Very often in this life we find that the mixing of separate and disparate elements leads to unfortunate and unsavoury results: George W. Bush and the leadership of the world's largest economy, Will Ferrell and testicles, and vegemite and milk.

At other times, we are lucky enough to stumble upon a combination that brings peace, love and joy to all humankind: Jean-Luc Piccard and the Enterprise, Mo2(TiPB)4 (TiPB = 2,4,6-triisopropyl benzoate) and 3′,4′-dihexyl-2,2′-:5′,2″-terthiophene-5,5″-dicarboxylic acid; and the mixing of chocolate and milk.

It is into this latter group that four separate and disparate elements, thrown together by chance and online whimsy, came together to create what could potentially be, and I think I am in no way over-selling this, the Great Australian Novel. Sure, we need another 99,383 polished words but I think we all agree the oyster has been seeded.

That's right, over the last 24 hours we have witnessed the miracle birth of one of the world's greatest (only?) online, anonymous, choose-your-own-adventure-esque story-telling collectives.

A big thank you to Anon, Stephen King and ET for contributing to the first ever Kettle Collective Story. I see big things for us: fame, fortune and not a small amount of tall poppy syndrome-itis from other collective writing collectives. I bet they're kicking themselves in their collective arse for not getting on board with our winning effort.*

In case you were busy yesterday negotiating with your agent over the film rights for your latest novel, I have included our story below for your immediate and awe-inspired perusal:

[Kettle] It was a dark and stormy night. Mabel had been watching tv and fallen asleep on the couch when she was awoken by a knock, knock, knocking at the door. [Anon] When she answered the door she found it was the mailman, who pulled out of his bag [Stephen King] a severed head!

"Wait a minute," said Mabel, "something's not right here.

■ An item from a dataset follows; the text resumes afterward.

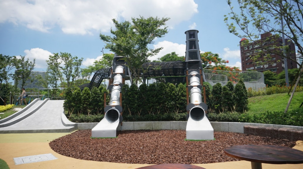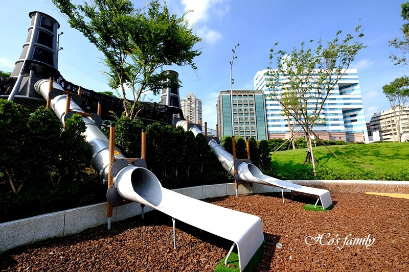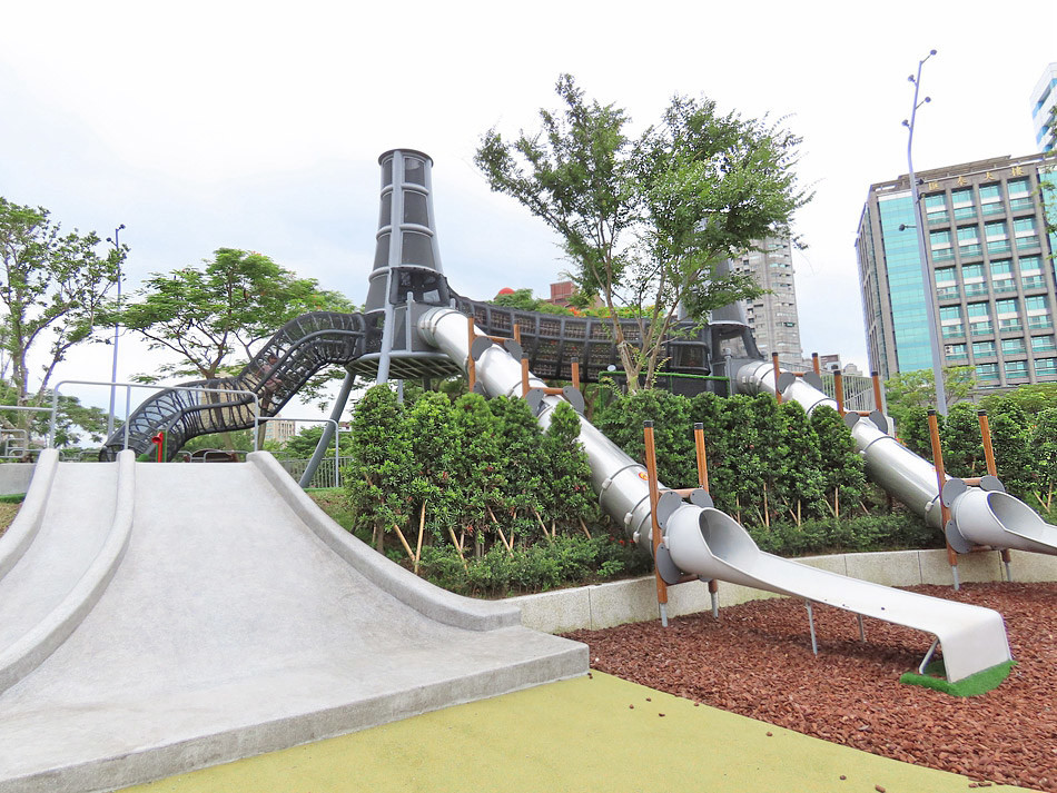 公園內分為7座主題遊戲區,其中最具特色就屬結合攀爬與溜滑梯的煙囪遊戲塔,鑽進隧道攀爬網往上爬,再由金屬水管滑梯快速滑下好刺激,一旁則有寬、窄滑道磨石子溜滑梯可以玩。

If you're a postman why are you making deliveries at night?"

"It's a new service," said the postman. "Mail delivered... to your front door... at night."

"Oh well then," said Mabel, "why don't you come in. You must be tired from lugging that head around."

So they sat down in the loungeroom and had a cup of tea. Then the postman said [ET] "thank you for the cup of tea," passed Mabel the clip-board and a pen and asked her to sign for the head and was on his way, back out into the night, for his next delivery.

The End.

While in some alternate universe it's possible some of you, dear readers, are muttering quietly to yourselves "thank chroist for the two sweetest words in the world of poorly written drivel: 'The End,'" but given the quality of the piece we're unlikely to hear such disgruntings.

I wait in eager anticipation for the next Kettle Collective Story; don't you?

* Please note, we have not, as yet, won anything.

2 comments:

remote control said...

Hey Kettle, it would be hard knowing where a Pullitzer prize winning novel ended and the Kettle Collective Story began...

Stephen King said...

A 14 carot gold story. Proud to have been a part of it, and looking forward to future glory and riches.